I understand that this is a lot to answer; feel free to present your own explanation that doesn't not directly answer any of the particular questions I posed, but explains the solution in a more general way.

Thanks in advance!

Answer 1

1. Still thinking.

2. From the Monotone Convergence Theorem you get $$\int_{S}h{\rm d} \mu=\int_{S}\left(\sum_{n\in\mathbb{Z}}2^{n}\boldsymbol{1}_{A_{n}}\right){\rm d}\mu=\sum_{n\in\mathbb{Z}}2^{n}\int_{S}\boldsymbol{1}_{A_{n}}{\rm d}\mu=\sum_{n\in\mathbb{Z}}2^{n}\mu\left(A_{m}\right)=C$$

3. It is not true that $h\leq f\leq g$, because $f$ can be negative and $h$ can't. In fact, if you'll look again at the definition of $A_{n}$ you'll notice that it involves $\left|f\right|$. Thus instead $h\leq\left|f\right|\leq g$.

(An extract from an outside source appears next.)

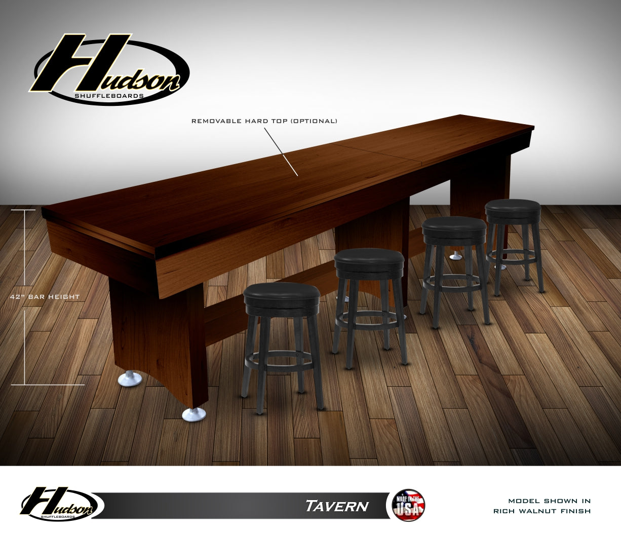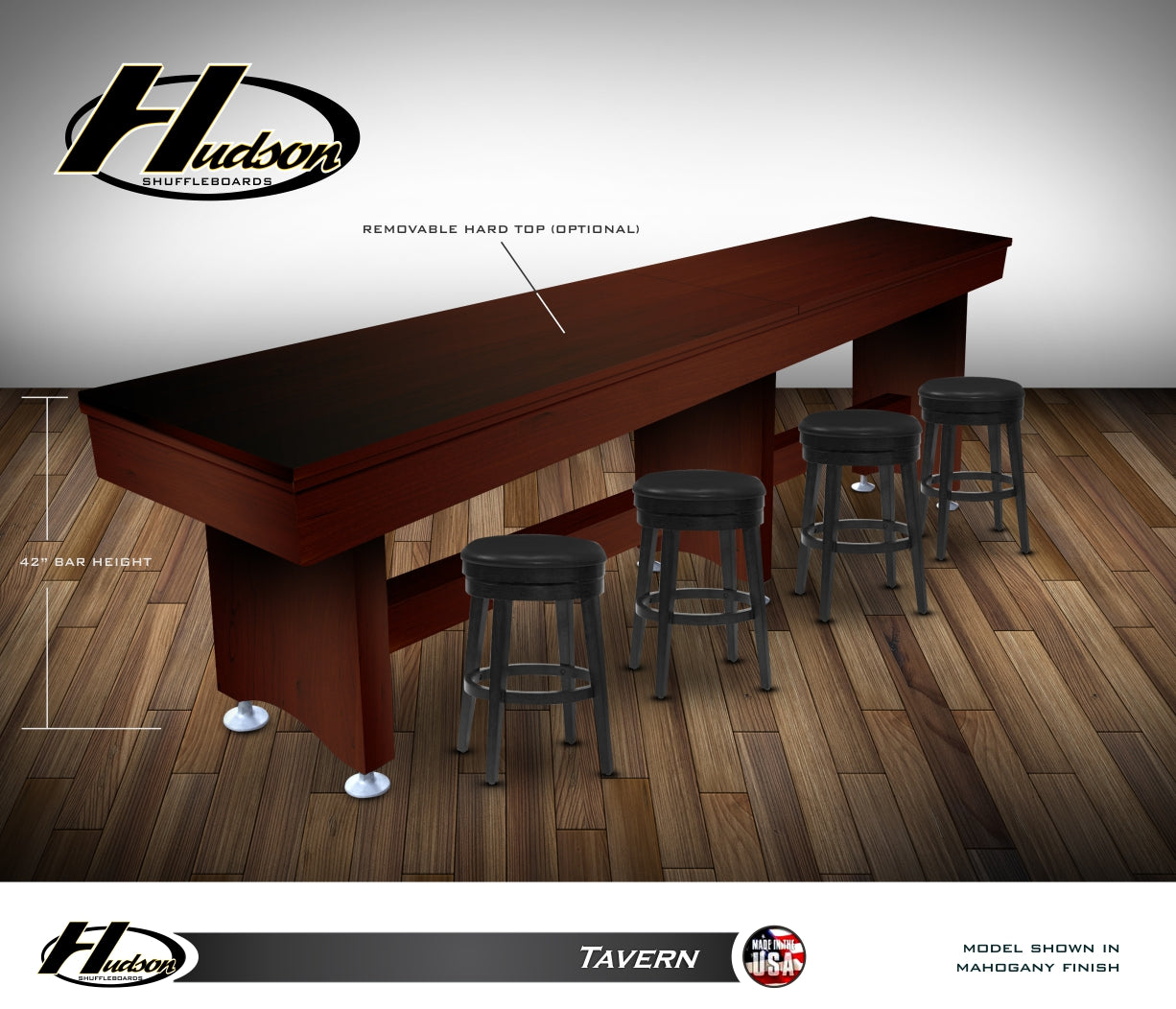 Join the Pros and enjoy playing shuffleboard on a newly designed Tavern Shuffleboard by Hudson Shuffleboards. Available sizes . . .

4. As for the iff part of the question. If $C<\infty$ then you define both $h,g$ and sandwich $\left|f\right|$ between them to show that $\left|f\right|$ and ergo also $f$ are integrable. If $f$ is integrable, then so as $\left|f\right|$, and because $h\leq\left|f\right|$ then $h$ is also integrable and $C<\infty$.

Answer 2

Let $x\in S$, since $A_i$ and $A_j$ are disjoint for any $i\neq j$, there must exist an unique $i_x$ such that $x\in A_{i_x}$. For such a $x$ and $i_x$, one has $2^{i_x} \leq f(x) \leq 2^{i_x+1}$.

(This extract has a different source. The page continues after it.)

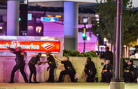 Báo The Dallas Morning News đưa tin có năm cảnh sát thiệt mạng và bảy cảnh sát bị thương.

Now, for any $x\in S$, one has $f(x) = \sum_n f(x)1_{A_n}$. So that, if $x\in S$, $f(x)=f(x)1_{A_{i_x}}\leq 2^{i_x+1}1_{A_{i_x}}\leq g(x)$, and $f(x) \geq 2^{i_x}1_{A_{i_x}}$. But for any $n\neq i_x$, $1_{A_n}(x)=0$ so summing over $n$ doesn't change the lower bound : $f(x)\geq g(x)$.